World Vision says crisis is ‘life or death’ for nine million Syrians in food poverty

 

XINHUA/PA

Syrians check the growth of vegetables they planted in a stretch of land near their home in the countryside of Damascus, last weekend

MORE than 22 million people in Yemen and Syria are “in crisis or worse” in terms of food security, according to the UN World Food Programme (WFP). In its 2020 Global Report on Food Crises, it says that 6.6 million of these are in Syria, and 16 million are in Yemen.

Although violence abated in the critical port city of Hodeida, on Yemen’s Red Sea coast, after an agreement in 2018, the report says that “conflict increased in other areas and fighting continued across 10 out of 22 governorates. The protracted conflict continued to severely disrupt economic activity, damage infrastructure, destroy public services and restrict access to markets and services.”

As many as two million children, aged between six months and five years, are acutely malnourished, 400,000 of them severely so, the WFP says.

Nine years into the crisis in Syria, the report continues, “The scale and complexity of humanitarian needs and protection concerns remained high. In the north-east, increased conflict since the onset of the Turkish-led military offensive in October 2019 resulted in civilian deaths and significant displacement.”

Much of that displacement has been into north-west Syria. World Vision’s district co-ordinator in the country, who cannot be named, said on Tuesday of last week that the region was now overcrowded. It had become “very difficult to get enough food and safe drinking water. Much of the infrastructure has been destroyed, and the roads are in a very bad condition, making it harder to transport life-saving aid.” Another problem is that “the majority of those who are displaced don’t have jobs; so can’t afford to buy food.”

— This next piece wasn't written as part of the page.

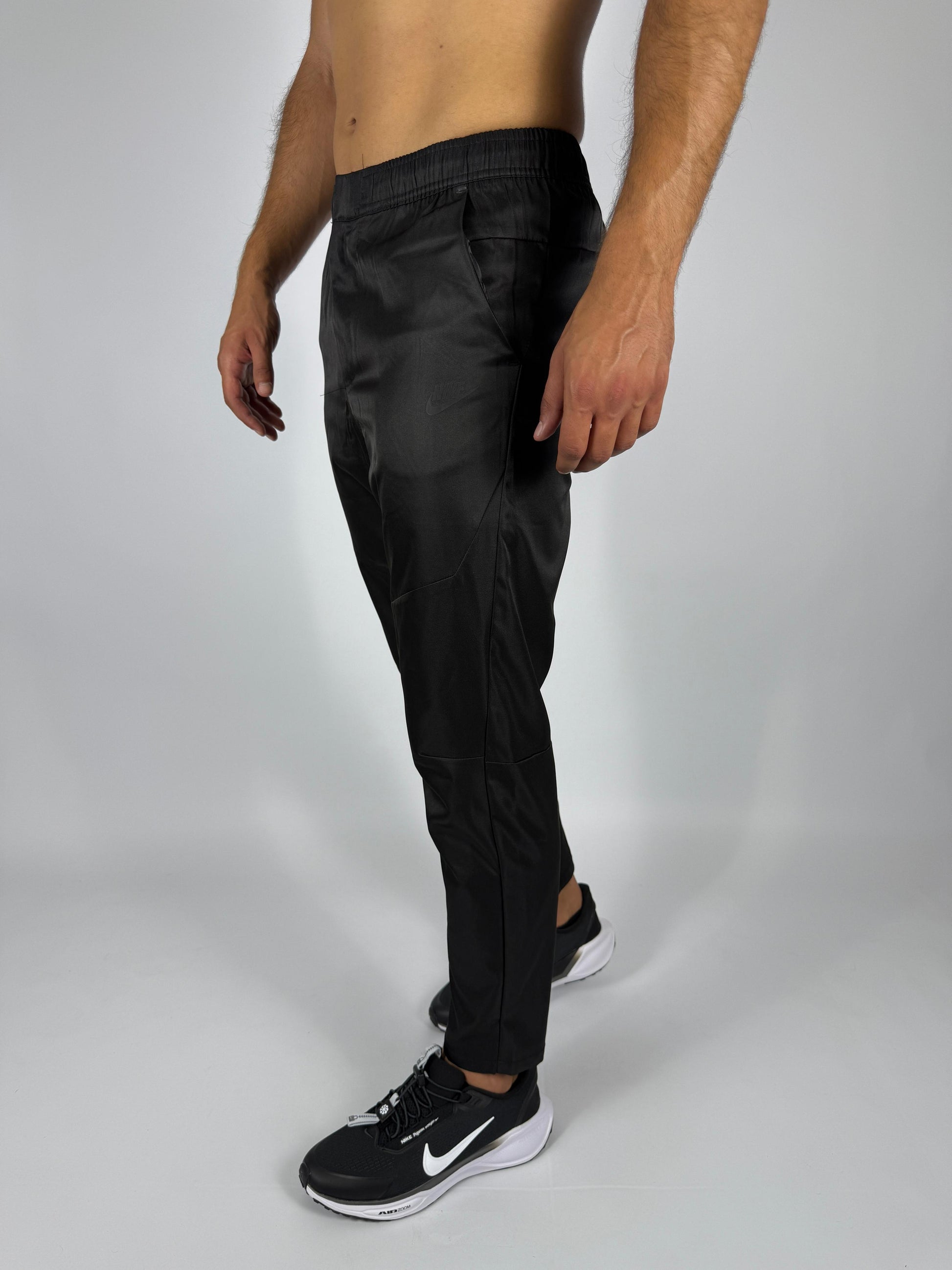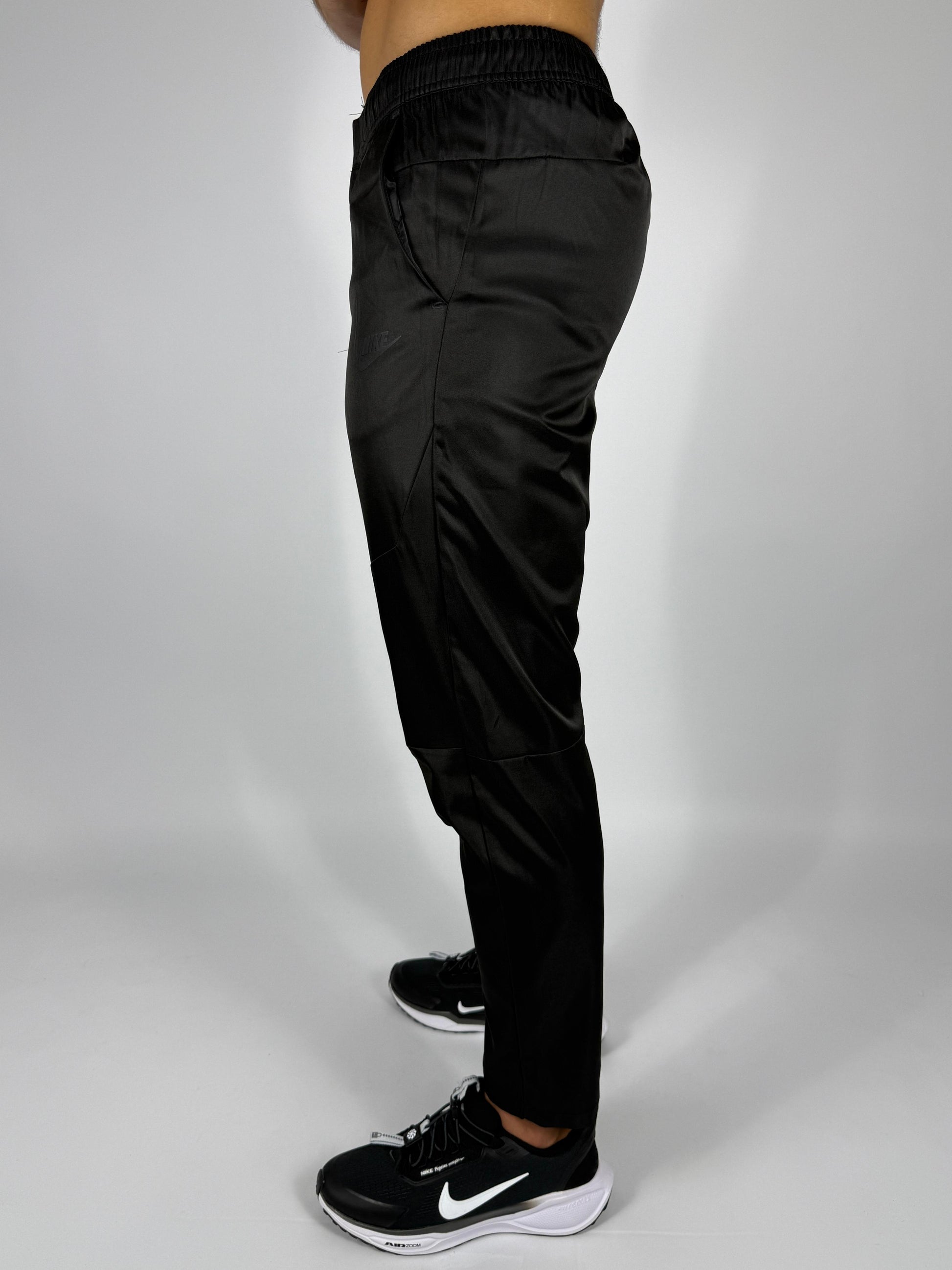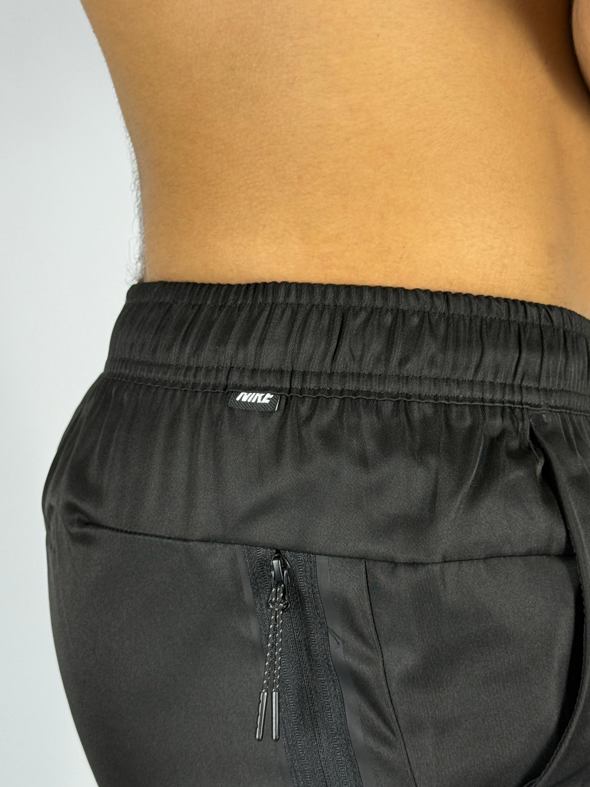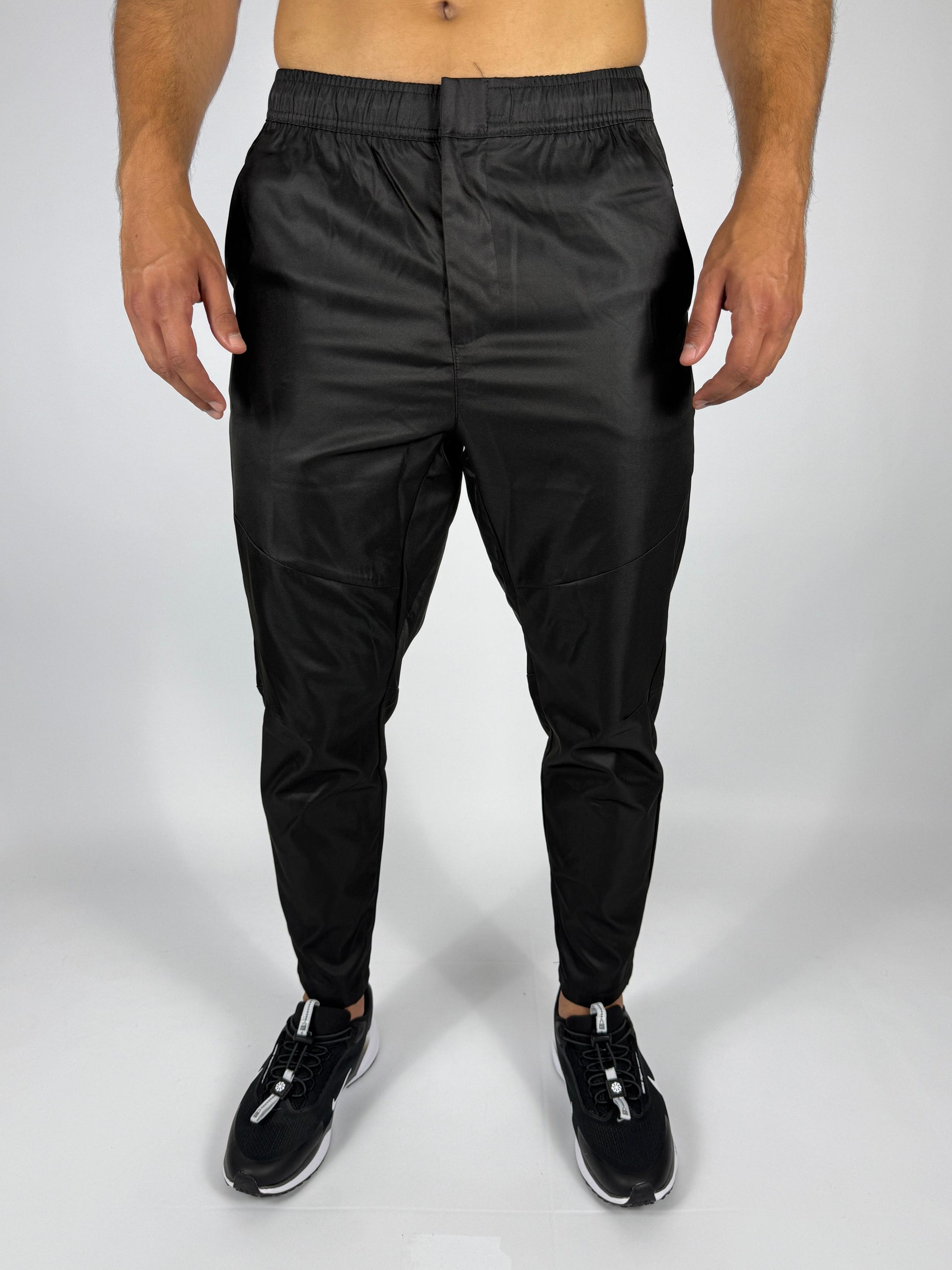 These are men's black track pants featuring an elasticated waistband, side pockets, and a distinctive zippered utility pocket on the upper left thigh. The material appears to be smooth and suitable for athletic or casual wear, offering both comfort and functionality.

The World Vision co-ordinator said: “We are deeply concerned for the over nine million Syrians across the country who are already going to bed hungry each night. For them, this is life or death.”

The policy and communication adviser for Oxfam in Syria, Matthew Hemsley, said that, “as the economic situation has worsened, with the Syrian pound buying less than ever before and the dramatic rise in food prices, the impact has been devastating. Families with very little are having to cut back even further, limiting meals and going without. We spoke to one woman who told us that they could feed their children, but adults only ate if there were leftovers.”

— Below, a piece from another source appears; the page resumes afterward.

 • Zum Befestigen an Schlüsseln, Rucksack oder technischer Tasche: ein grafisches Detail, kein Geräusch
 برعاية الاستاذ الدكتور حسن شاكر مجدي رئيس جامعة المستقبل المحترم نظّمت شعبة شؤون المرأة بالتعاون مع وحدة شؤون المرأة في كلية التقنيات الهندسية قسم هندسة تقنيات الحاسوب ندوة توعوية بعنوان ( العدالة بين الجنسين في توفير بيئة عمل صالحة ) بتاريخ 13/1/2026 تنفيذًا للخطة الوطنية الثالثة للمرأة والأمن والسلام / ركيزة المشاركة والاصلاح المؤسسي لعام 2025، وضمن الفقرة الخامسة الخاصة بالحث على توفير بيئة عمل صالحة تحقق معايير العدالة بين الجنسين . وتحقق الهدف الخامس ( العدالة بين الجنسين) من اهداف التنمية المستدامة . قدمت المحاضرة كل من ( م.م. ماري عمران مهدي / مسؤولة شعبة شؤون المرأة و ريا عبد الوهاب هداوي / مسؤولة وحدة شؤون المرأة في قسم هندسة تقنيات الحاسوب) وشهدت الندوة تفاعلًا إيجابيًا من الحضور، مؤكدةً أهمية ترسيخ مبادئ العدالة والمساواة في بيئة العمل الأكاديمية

Although there are supplies of food in shops and markets, Mr Hemsley continued, “There’s also a concern that farmers are struggling to harvest their next crops. During a recent seeds and saplings distribution in Ghouta, one farmer told us that had we not given him the seeds, he could have had no money to buy them.”

While the food crises are most severe in Yemen and Syria, other Middle Eastern countries also face problems. In Iraq, for example, the WFP says that “widespread protests and insecurity had significant impacts on humanitarian operations,” and intermittent curfews were “resulting in missions being delayed or cancelled”.

Although millions of displaced people have returned home over the past three years, “intercommunal and societal tensions persisted on multiple fronts and the spectre of armed conflict and renewed displacement lingered.”